Treatment regimes in the literature follow the standardized guidelines for breast cancer [2, 3, 7, 9]. Initially, ipsilateral mastectomy of the adjacent breast was recommended; however, this provides no additional benefit and is no longer advocated [4]. Adjuvant chemotherapy and hormonal therapy is offered depending on tumour and patients characteristics.

Adjuvant radiotherapy should be considered to optimize locoregional control. A review of the literature offers no formal guidance on radiotherapy dose, fractionation and treatment fields in this setting. Treatment fields have ranged from incorporating the tumour bed alone to inclusion of the ipsilateral uninvolved breast, axilla and supraclavicular fossa, even in the absence of nodal metastases [5, 7, 8]. Our team made the decision to treat the tumour bed alone, as irradiation of the ipsilateral breast or axilla in the absence of disease was unlikely to improve local control further, and would contribute to increased toxicity, particularly cosmetic.

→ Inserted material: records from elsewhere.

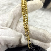 ゴールド金具がラグジュアリーな輝きを添え、付属のポーチも同素材で統一された逸品です。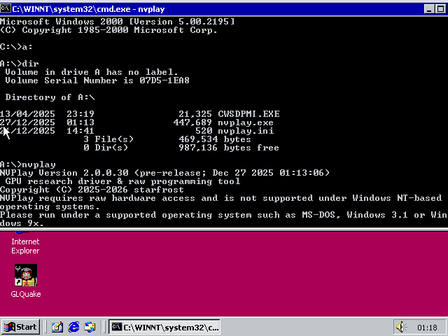 NVplay showing its unsupported screen in VGA mode Windows 2000. Windows NT is not compatible with NVPlay as NTVDM does not allow direct hardware access for good reasons.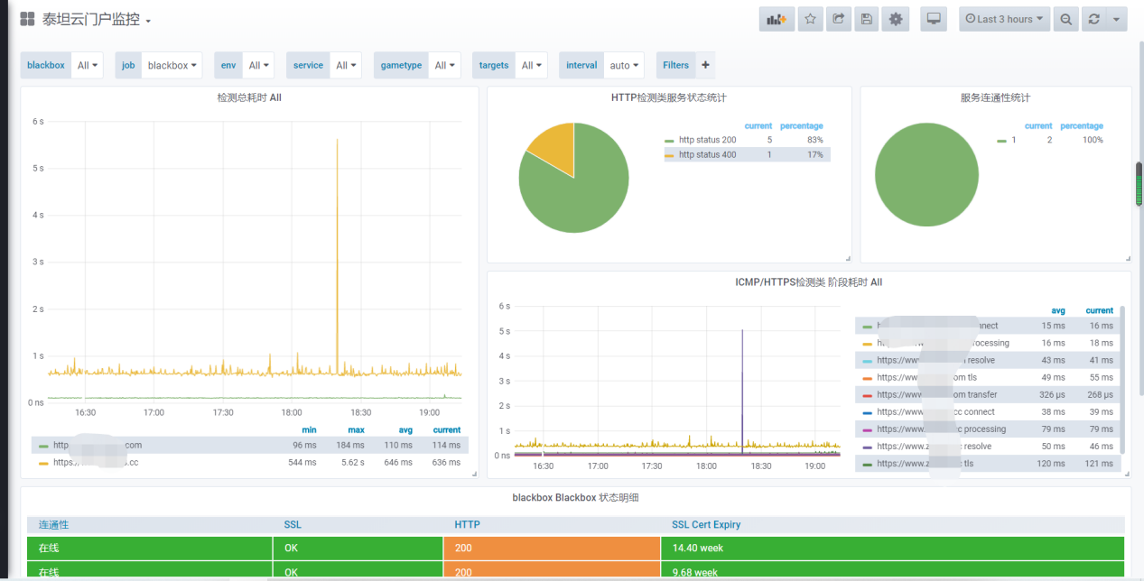 1、首先看下我们这边的相关图表,门户多项指标与ssl监控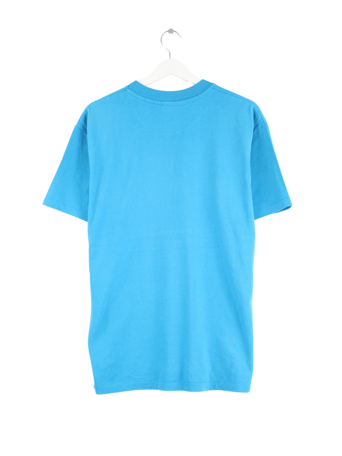 T-Shirt des Labels Hanes in Größe L aus den 90'ern. Es ist aus Baumwolle gemacht und in Türkis bei uns zu bekommen. Mit schickem Writer Print.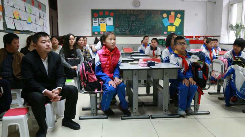 人民網北京4月20日電 (趙英梓)昨日,北京市朝陽區和平街中心小學舉辦“校園開放日”,此次開放日的主題為“家校協同齊發展 和悅課程育少年”,共有500名左右學生家長參加了此次活動。由于和平街中心小學兩址辦校,所以此次活動在高部、低部兩校區同步進行。
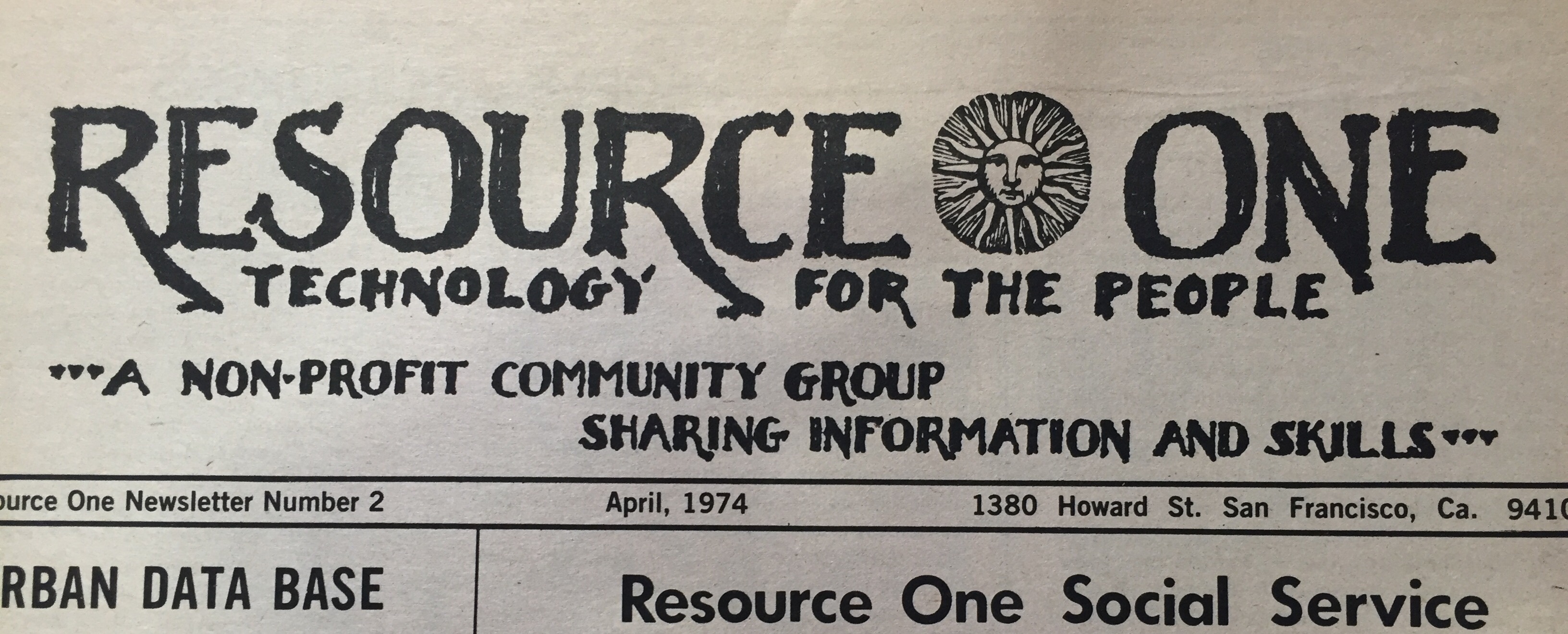 Resource One Newsletter, no. 2, 1974, Community Memory records, Box 12, Folder 16, Catalog 102734421.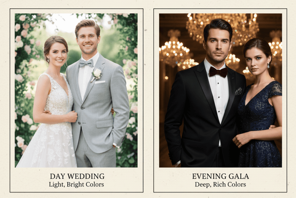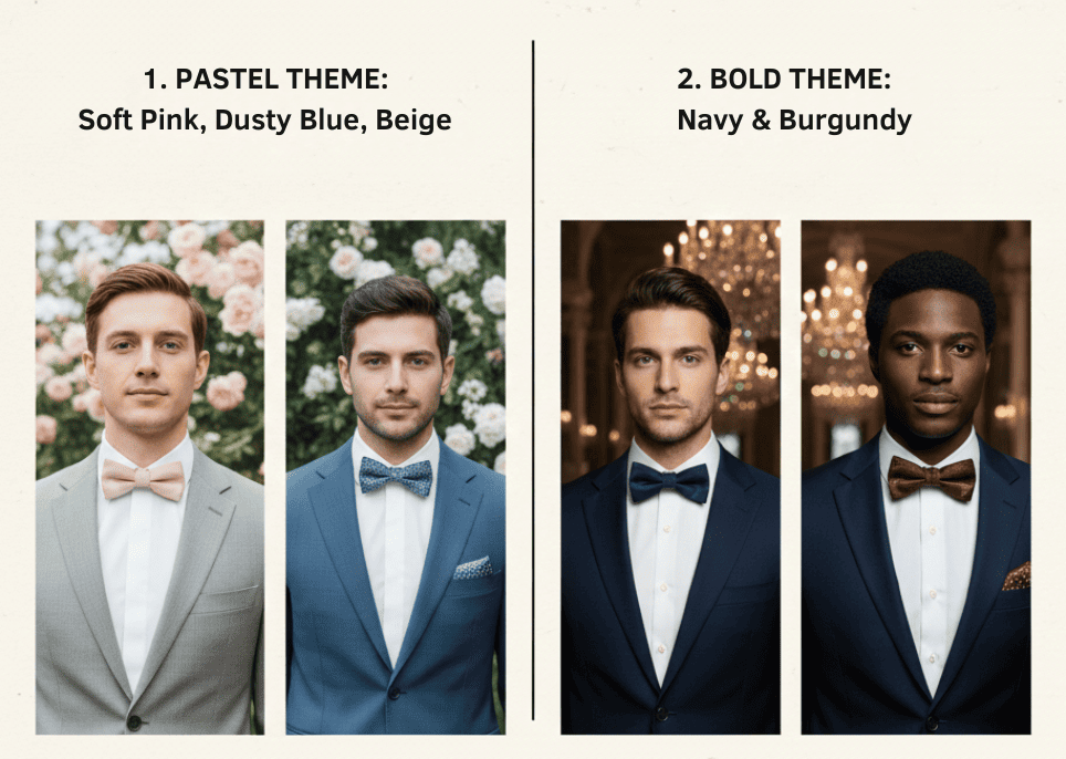 Jika wedding bertema pastel, pilih bow tie soft pink, dusty blue, atau beige. Untuk tema bold, navy atau burgundy bisa jadi pilihan aman.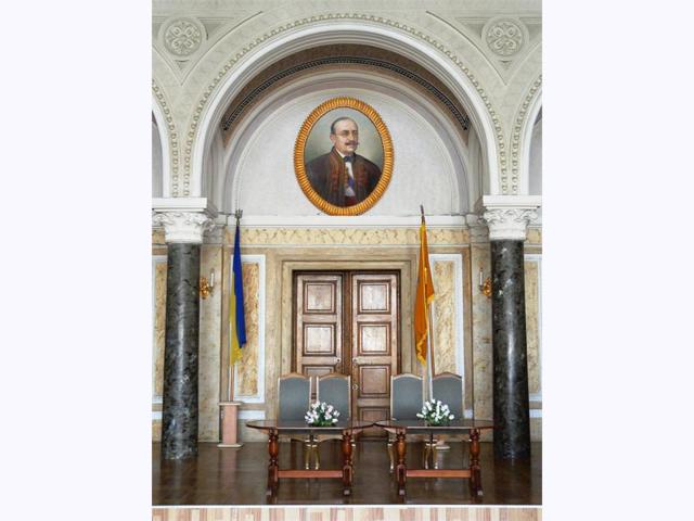 Among the rooms stands out the Synodal (Marble) Hall of the Main Building, painted by painters Epaminondas Buchevsky and Yevhen Maksymovych.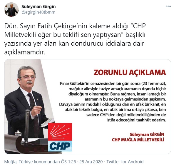 İddiaların ardından CHP Muğla Milletvekili Süleyman Girgin bir açıklama yaptı. Girgin, sosyal medya hesabından yaptığı açıklamada "Pınar Gültekin'in cenazesinden bir gün sonra (23 Temmuz) mağdur ailesiyle taziye amaçlı aramanın dışında hiçbir diyaloğum olmamıştır. Buna rağmen insani amaçlı bir aramanın bu noktaya gelmesinden şaşkınım. Davaya benim müdahil olduğuma dair en ufak bir kanıt, en ufak bir teknik bulgu, en ufak bir ima ortaya çıkarsa ben sadece CHP'den değil milletvekilliğinden de istifa edeceğimi taahhüt ederim" ifadelerini kullandı.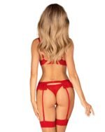 Ажурний комплект білизни з поясом для панчох Obsessive Chilisa червоний, XS/S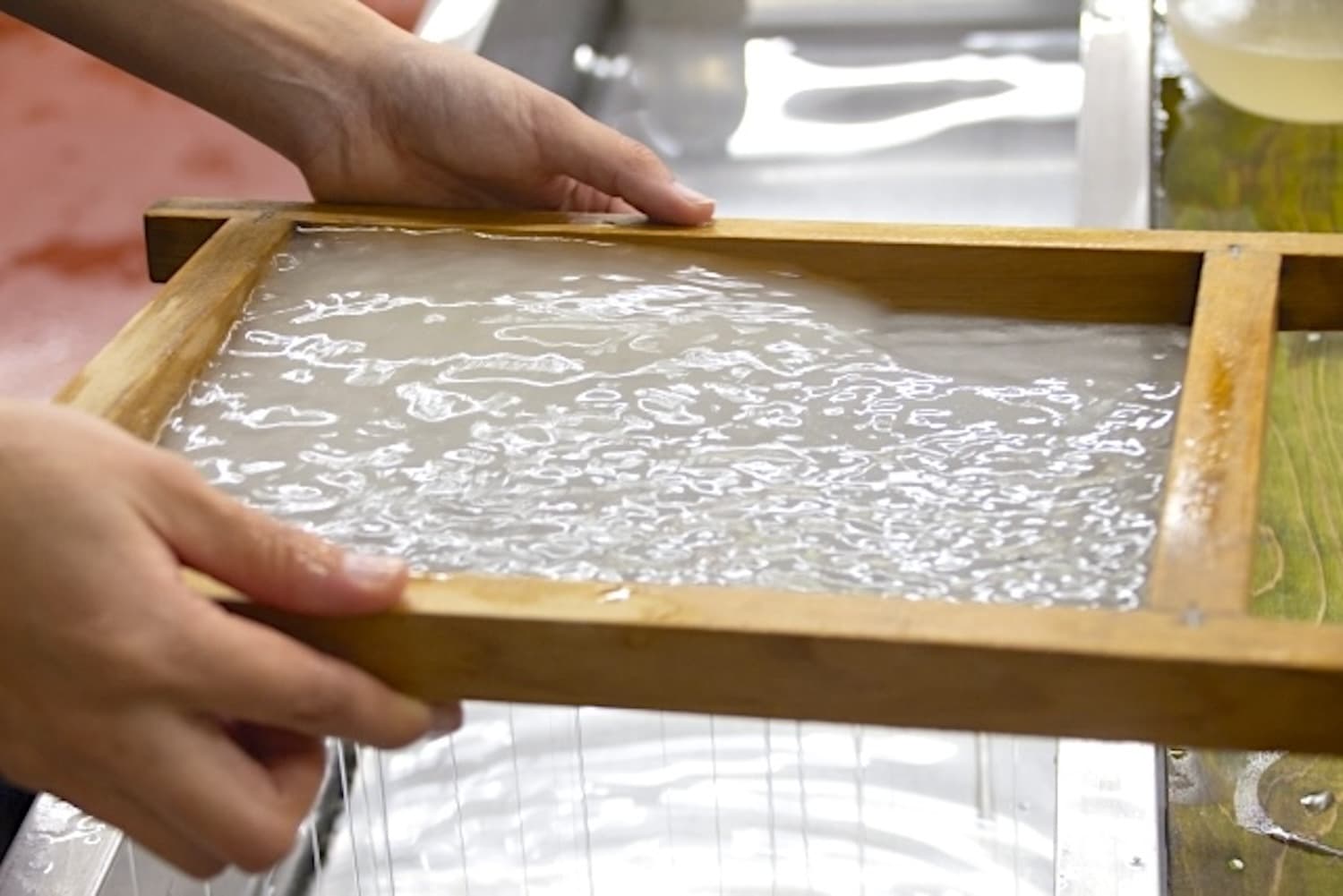 この工房では、和紙の原料や工程を教えてもらいながら、手漉き和紙を制作できます。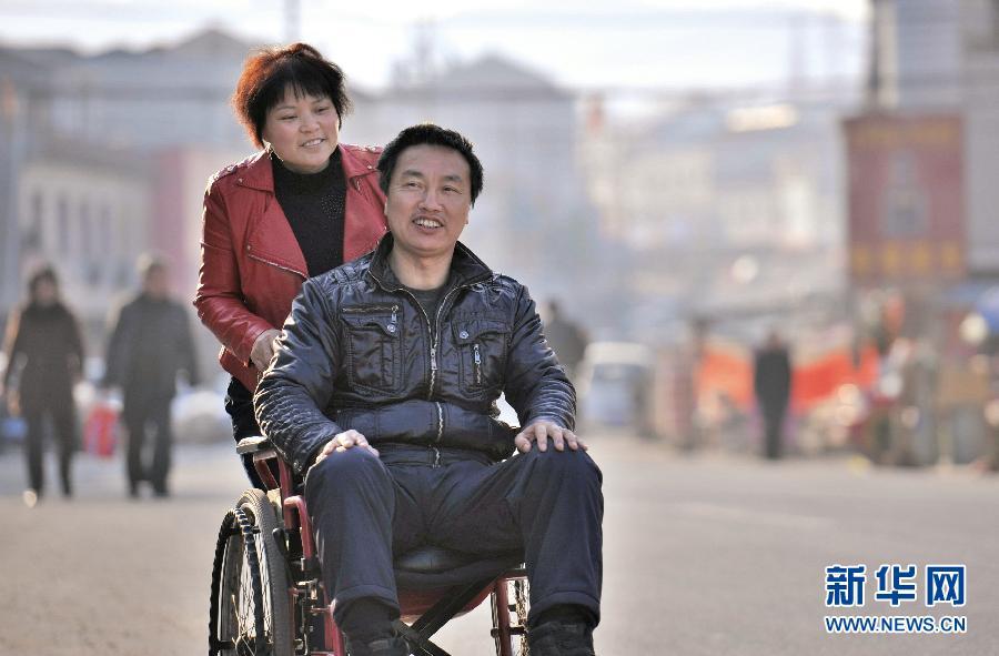 一個(gè)妻子不離不棄的感人故事,在安徽省舒城縣曉天鎮(zhèn)幾乎家喻戶曉。 2006年初夏,曉天鎮(zhèn)街道的汪世俊在安裝廣告牌時(shí),不幸從腳手架上摔了下來,造成下肢癱瘓。妻子張先琴始終不離不棄,8年如一日,未曾走過親戚,出過遠(yuǎn)門。丈夫癱瘓后的頭3年里,每隔半個(gè)鐘頭就要翻一次身,還需要及時(shí)更換尿布,張先琴沒有睡過一個(gè)安穩(wěn)覺。為了防止肌肉萎縮,張先琴想辦法將繩子系在丈夫腰間,協(xié)助他進(jìn)行康復(fù)訓(xùn)練。從一個(gè)健全人變成殘疾人,巨大的心理落差使汪世俊脾氣變得暴躁,他常常發(fā)無名火,可每每這時(shí),張先琴總能默默忍受。張先琴說:丈夫能有說有笑,沒有失去生活的信心,這比什么都重要。 新華社發(fā)(呂務(wù)農(nóng) 攝)

Electron therapy allowed the treatment of the tumour bed effectively to the desired depth, without undue toxicity, although the superior margin of the field overlapped with the inferior part of the ipsilateral breast (see Fig. 2). Doses used in the literature range from 50 to 66 Gy in 2-Gy fractions [7, 8]. We delivered a dose of 40 Gy in 15 fractions: a standardized dose for breast radiotherapy in the UK following the results of the START B trial. [10].

Figure 2:

Clinical photograph illustrating the acute radiation reaction on patient's skin at completion of her electron beam therapy.

Prognosis for ectopic breast carcinoma is similar to that of an equivalent breast carcinoma [5]. However, due to its late presentation, delay in diagnosis and difficulty in screening, both lymph node and distant metastasis are more prevalent at diagnosis which impacts on prognosis [5, 10]. Additionally, due to the small size of the gland early infiltration of the skin and chest wall is a feature.

This case describes a rare diagnosis of an inframammary ectopic breast carcinoma treated with wide local excision, adjuvant radiotherapy and hormone therapy. This case highlights the importance of a high index of suspicion for investigating masses or ectopic breast tissue along the galactic line, and the importance of MRI staging prior to considering surgical and oncological options. Electron therapy can be delivered safely, reducing treatment field size and subsequent late cosmetic effects.

CONSENT

Written informed consent was obtained from the patient for publication of this case report and case series and accompanying images. A copy of the written consent is available for review by the Editor-in-Chief of this journal on request.